For those students with primary interest in research, the Ph.D. in Biomedical Engineering provides additional depth and breadth in engineering and the biomedical sciences. Under faculty guidance, students are expected to undertake original research motivated by a biomedical problem. Research possibilities include the development of new theory, devices, or methods for diagnostic or therapeutic applications as well as for measurement and evaluation of basic biological mechanisms. The department also jointly sponsors Ph.D. programs in biophysics-bioengineering (with the Department of Physiology and Biophysics) and in beuroscience-bioengineering (with the Department of Neurosciences.)

A small number of students with outstanding qualifications are admitted to the Ph.D./M.D. program, which requires approximately seven years of intensive work after a B.S.

RESEARCH AREAS

Applied Neural Control/Rehabilitation Engineering

Implanted neural prostheses for motor control of hand, finger, leg, and foot movements. Electrical and magnetic stimulation of the nervous system. Neural control of spine, bladder, and diaphragm. Neural engineering applied to brain lesions such as epilepsy.

Biomaterials/Tissue Engineering

Polymeric, metallic, and composite materials for implantation in the human body.
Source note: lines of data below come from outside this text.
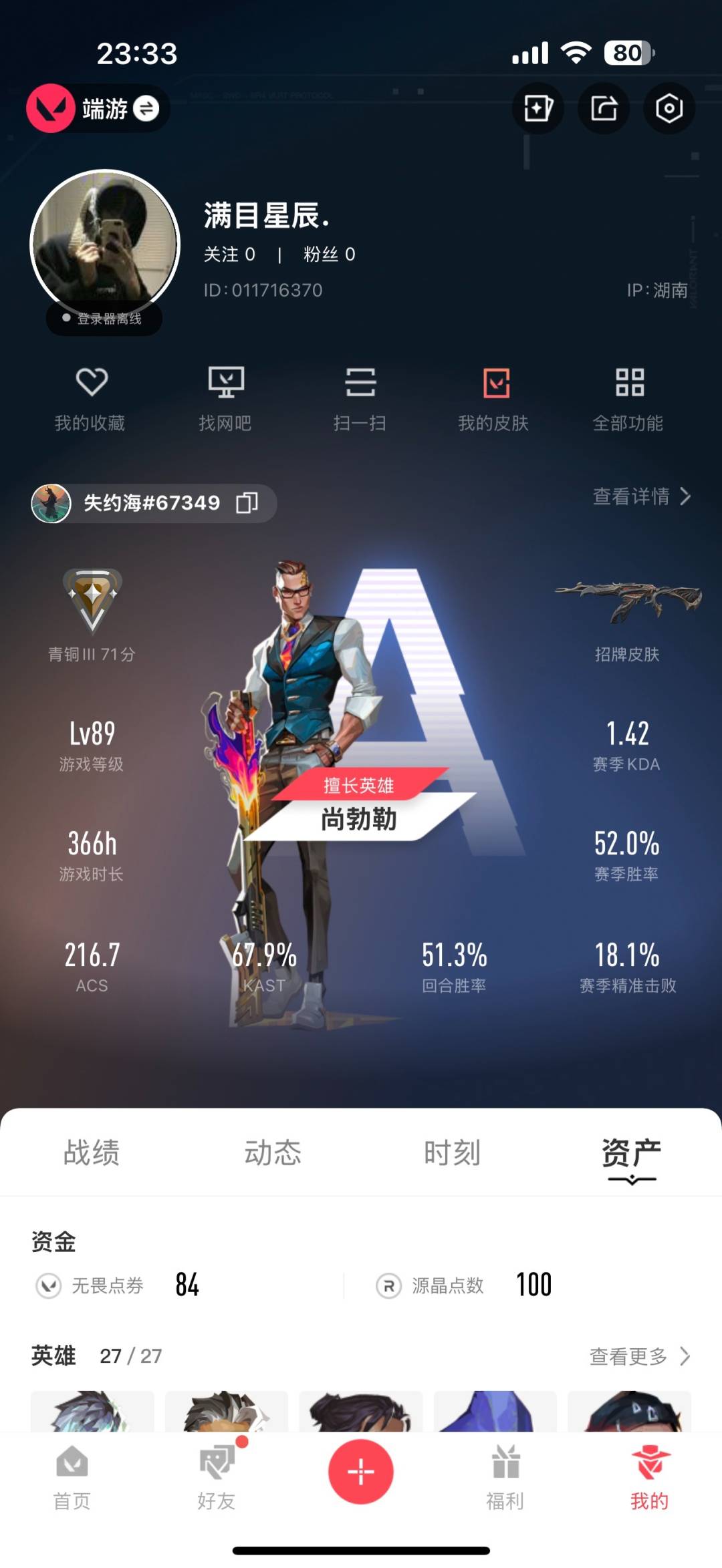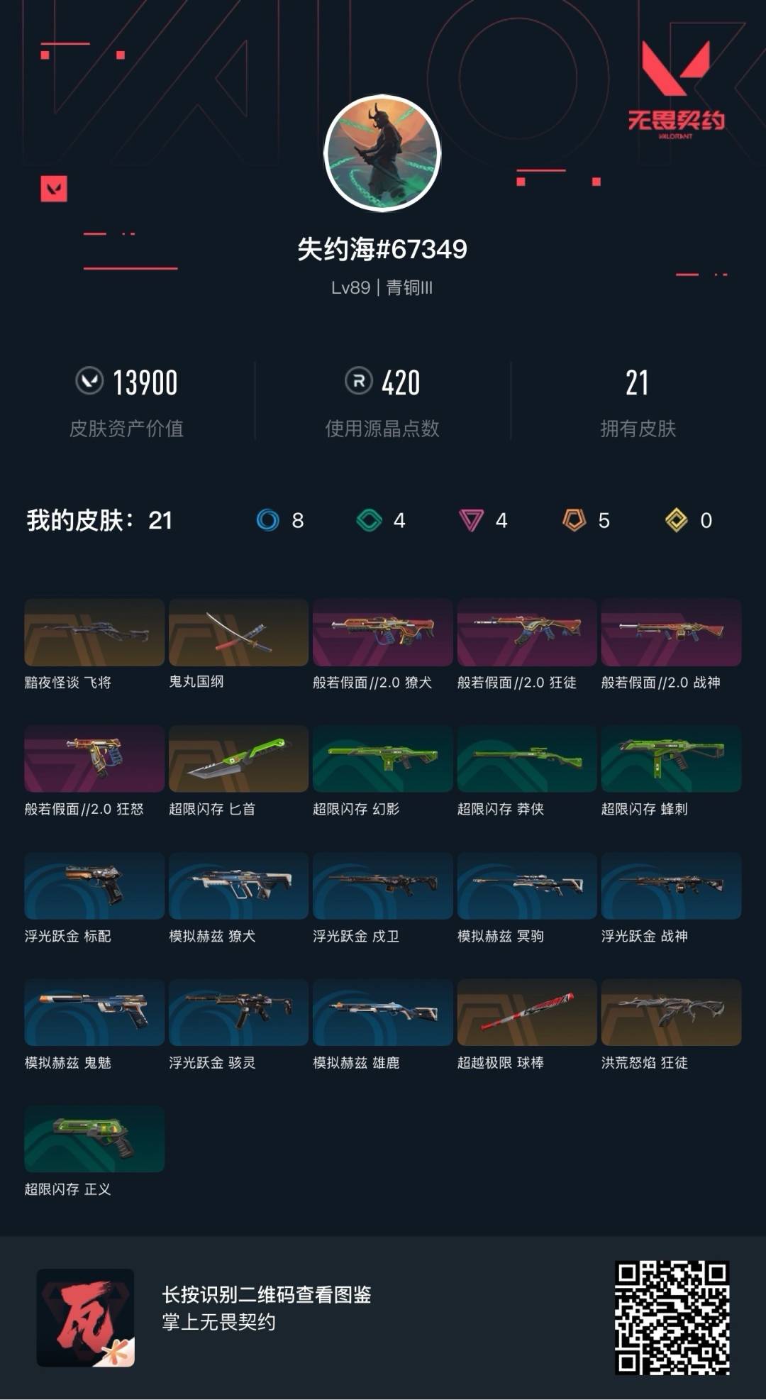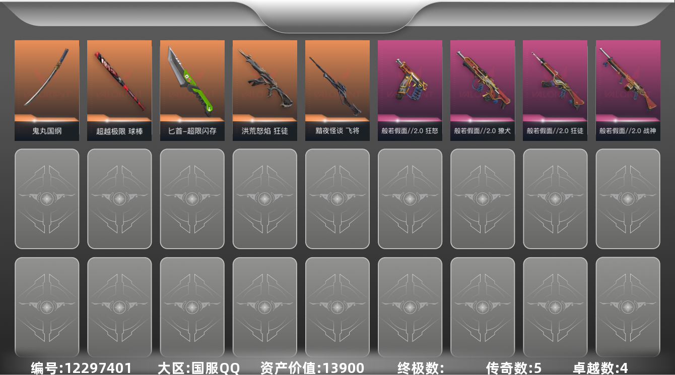 [12297401]5橙皮 4紫皮 21皮肤 27英雄 55卡面 420已用源晶 青铜 优质装备:狂徒-洪荒怒焰,球棒-超越极限,匕首-超限闪存,鬼丸国纲 套装:般若假面//2.0套装 佩枪皮肤:狂怒-般若假面//2.0 步枪皮肤:狂徒-般若假面//2.0,獠犬-般若假面//2.0 狙击枪皮肤:飞将-黯夜怪谈 机枪皮肤:战神-般若假面//2.0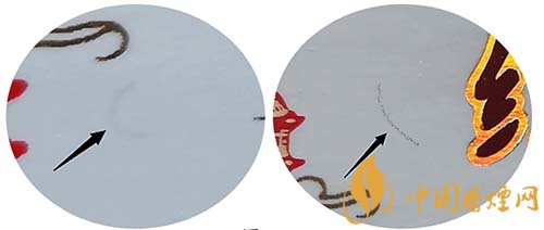 假冒卷煙:該款假冒卷煙彩色纖維絲清晰,纖維絲印刷在商標(biāo)紙表面。圖4左真右假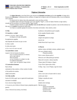 Este documento define un tópico literario como una frase breve que encierra un tema o fórmula repetida a lo largo de la historia de la literatura, a diferencia de los refranes que provienen de la tradición oral. Explica que la mayoría de los tópicos están en latín y su origen es la literatura culta. Además, los agrupa en tres temas universales: vida, muerte y amor, e ilustra cada uno con varios ejemplos de tópicos literarios recurrentes.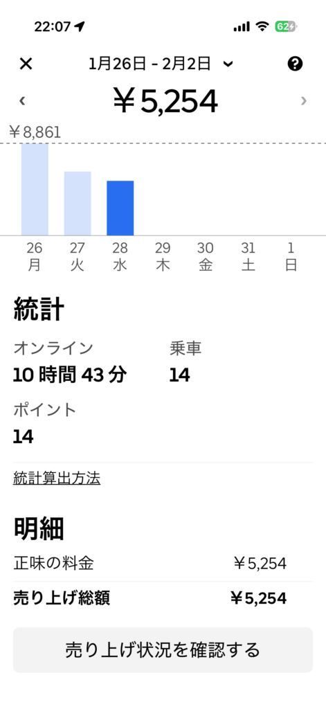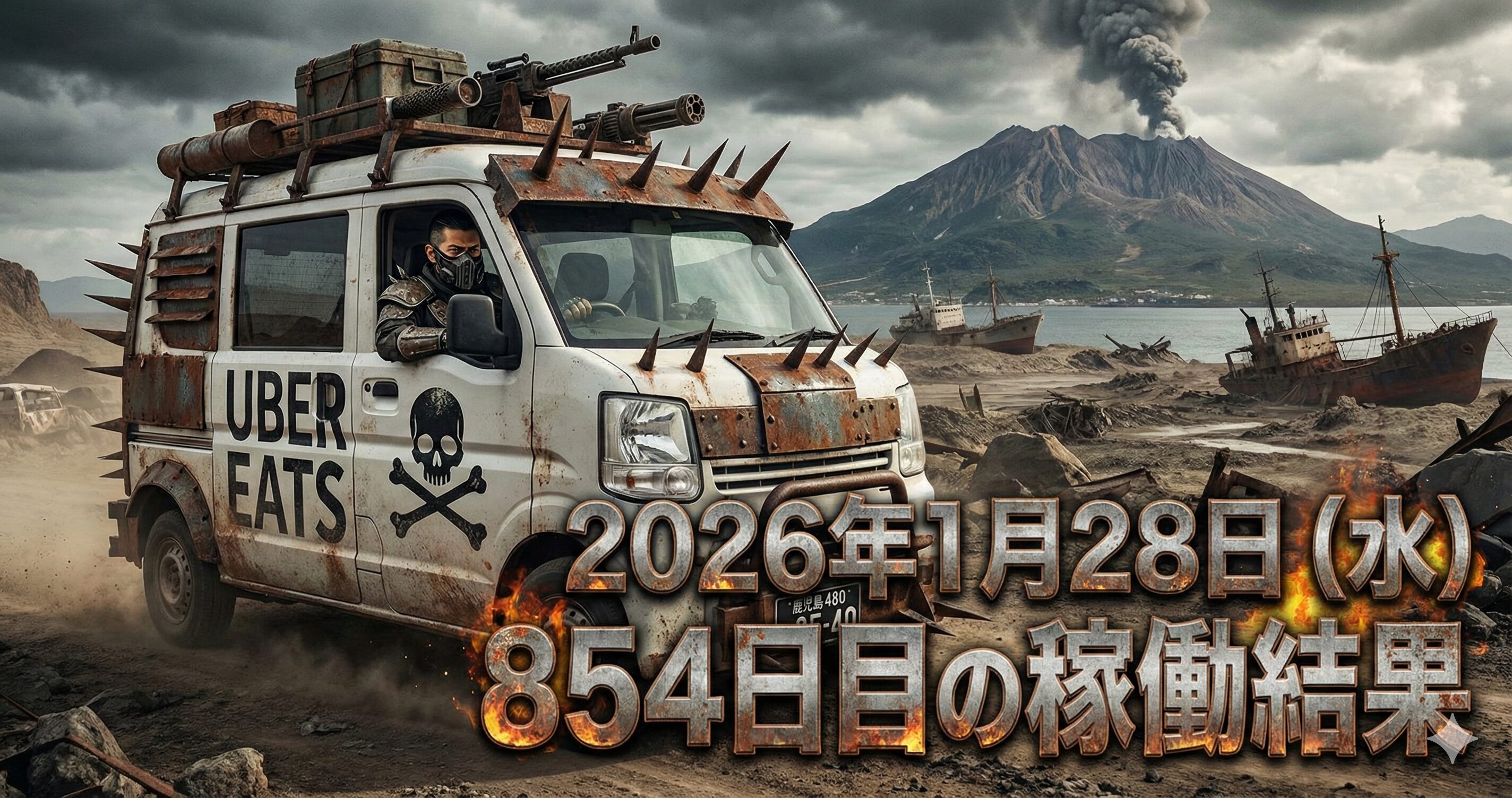 2026年1月28日(水) 854日目、鹿児島ウーバー配達員の稼働結果です。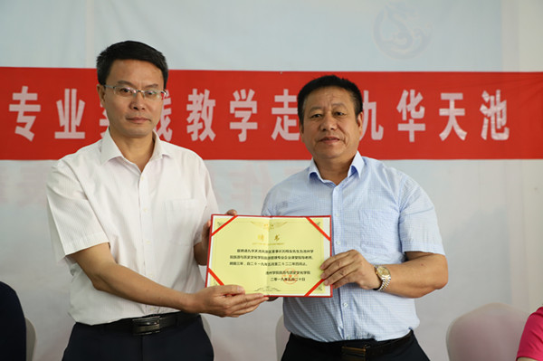 活动开始前,旅游与历史文化学院院长胡文海为九华天池风景区董事长刘根友、伍婷婷、李青玲等颁发聘书,聘任三人为旅游管理专业行业导师。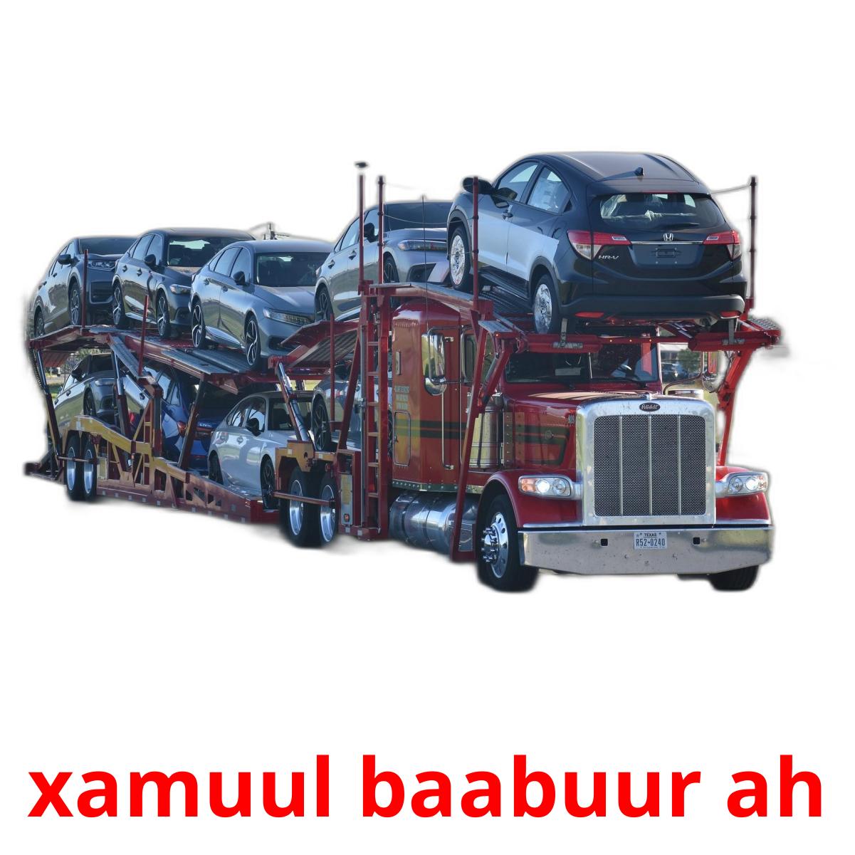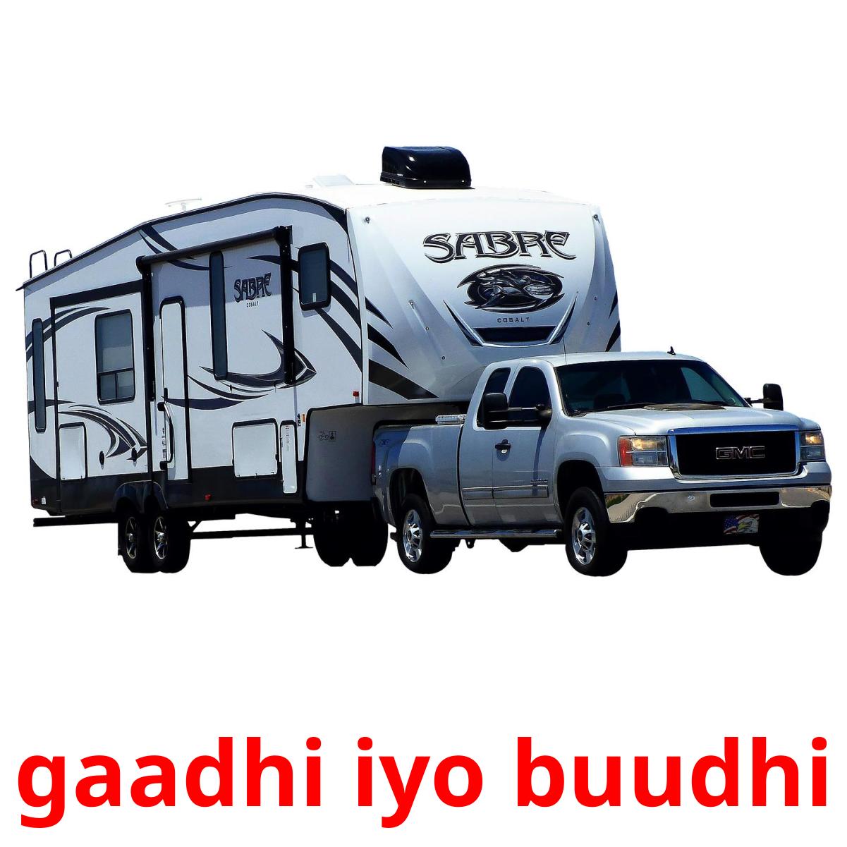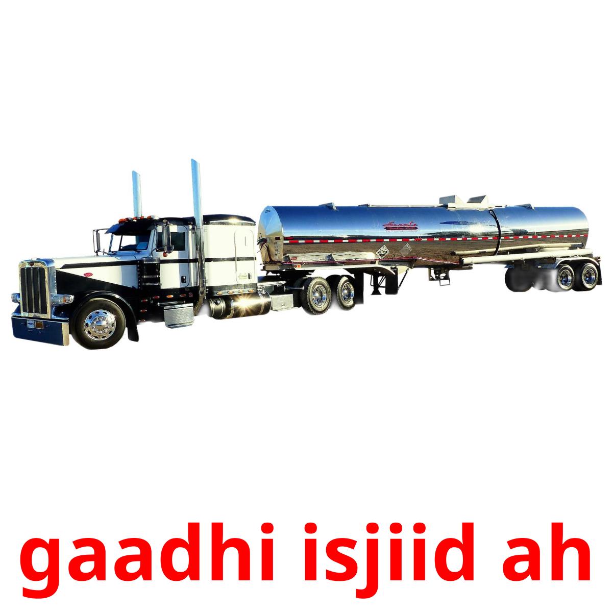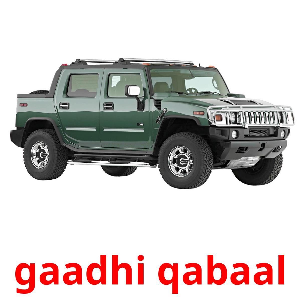 Setet med utskrivbara bildkort "Gaadiidka dhulka" innehåller somali ord som: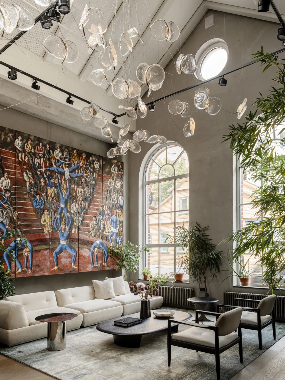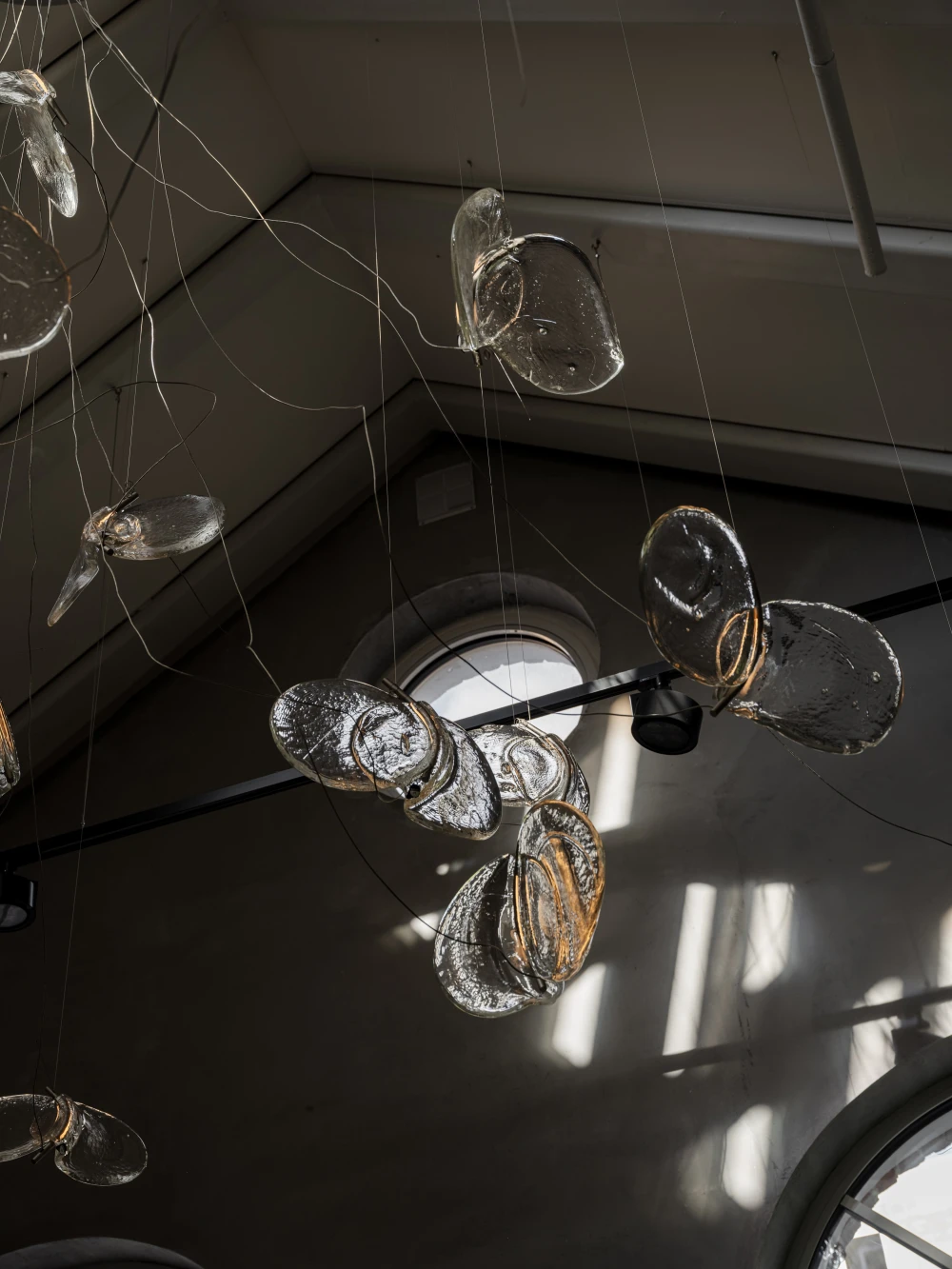 Пространство продолжает раскрываться в зоне бренда Henge, где диван Obilio от Özelgin Tanju, соседствует с индустриальными светильниками SPYDER 80 от Массимо Кастаньи. Акцентом здесь выступает журнальный столик Isola от Родерика Воса для Linteloo: его столешница с органичным силуэтом и тонкой резьбой напоминает узор, который волны оставляют на песке. Особого внимания заслуживает световая инсталляция 141 от канадской студии Bocci. Каждый светильник — это результат эксперимента, в котором два ковша горячего стекла свободно выливаются на стержень, создавая застывшие в движении паттерны. Для основателя студии Омера Арбеля это и есть красота в непредсказуемости.

Neural and cardiovascular tissue engineering. Polymeric surface coatings on implants and sensors. Cardiovascular biomaterials. Structure-property relations in bone.

Biomedical Image Processing and Analysis

X-ray imaging in bone. Cardiac electrical potential mapping. Magnetic resonance imaging including applications to the cardiovascular system and brain tumors. Human visual perception. Positron emission tomography of the brain.

Biomedical & Biochemical Sensors

Electrochemical and chemical fiber-optic sensors. Measurement of ions, enzymes, neurotransmitters, etc. in normal and pathological cells and tissues. Acute and chronic clinical monitoring of body fluids.

Cardio Bioelectricity

Cardiac electrophysiology. Models of cellular activity and cardiac excitation. Mechanisms of cardiac arrhythmias. Optical imaging of electrical propagation in the heart. Electrical potential modeling and mapping of the heart.

Transport & Metabolic Systems Engineering

Tissue responses to acute and chronic heating for tumor therapy and implanted artificial heart. Cellular metabolic modeling to analyze physiological responses during exercise and alternative pathways.

FACILITIES

The central offices of the Department of Biomedical Engineering located in the Wickenden Building, which contains laboratories for Biomedical Image Processing, Electrochemical Biosensors, Fiber-optic Biosensors, Biopolymers & Biomaterials Interfaces, Cardiac Electrophysiological Simulation, and Optical Electrocardiographic Imaging. The department has an educational computer laboratory with a variety of high-performance computers with network connections.

Primary BME faculty are also directors of laboratories in other locations. The Applied Neural Control Laboratory is a major facility for basic research and animal experimentation in the development of neural prostheses. The Functional Electrical Stimulation Laboratory produces implantable prostheses for control of movement. The Rehabilation Engineering Laboratory provides clinical testing of neural processes.

The department faculty and students have access to the facilities and major laboratories of the Case School of Engineering and of the School of Medicine. Faculty have numerous collaborations at University Hospitals, MetroHealth Medical Center, Mt. Sinai Medical Center, VA Medical Center, and the Cleveland Clinic Foundation. These provide extensive research resources in a clinical environment for both undergraduate and graduate students.

Biomedical Engineering (EBME)

UNDERGRADUATE COURSES

EBME 105, Introduction to Biomedical Engineering, 3

Biomedical engineering fields of activity. Research, development, and design for biomedical problems, diagnosis of disease, and therapeutic applications.

EBME 201, Physiology-biophysics I, 3

Cell physiology. Electrophysiology of nerve and muscle. Motor system. Central nervous system. Sensory systems. Autonomic nervous system.

EBME 202, Physiology-biophysics II, 3

Biological control systems. Cardiovascular, renal, respiratory, gastro-intestinal, and immune systems.

EBME 303, Structure of Biologic Materials, 3

Structure of proteins, nucleic acids, connective tissue and bone from molecular to microscopic levels. Principles and applications of instruments for imaging, identification, and measurement of biological materials.

Prerequisite: EBME 201

EBME 306, Introduction to Biomedical Materials, 3

Applications of biomaterials in different tissue and organ systems. Relationship between physical and chemical structure of materials and biological system response. Choosing, fabricating and modifying materials for specific biomedical applications.

Prerequisite: EBME 201, EBME 202

EBME 309, Modeling of Biomedical Systems, 3

Mathematical modeling and computer simulation with biomedical applications. Neuromuscular control of skeletal movement. Mass transport processes in blood dialysis. Theoretical bioelectricity and cardiac electrical activity. Biomechanics of bone.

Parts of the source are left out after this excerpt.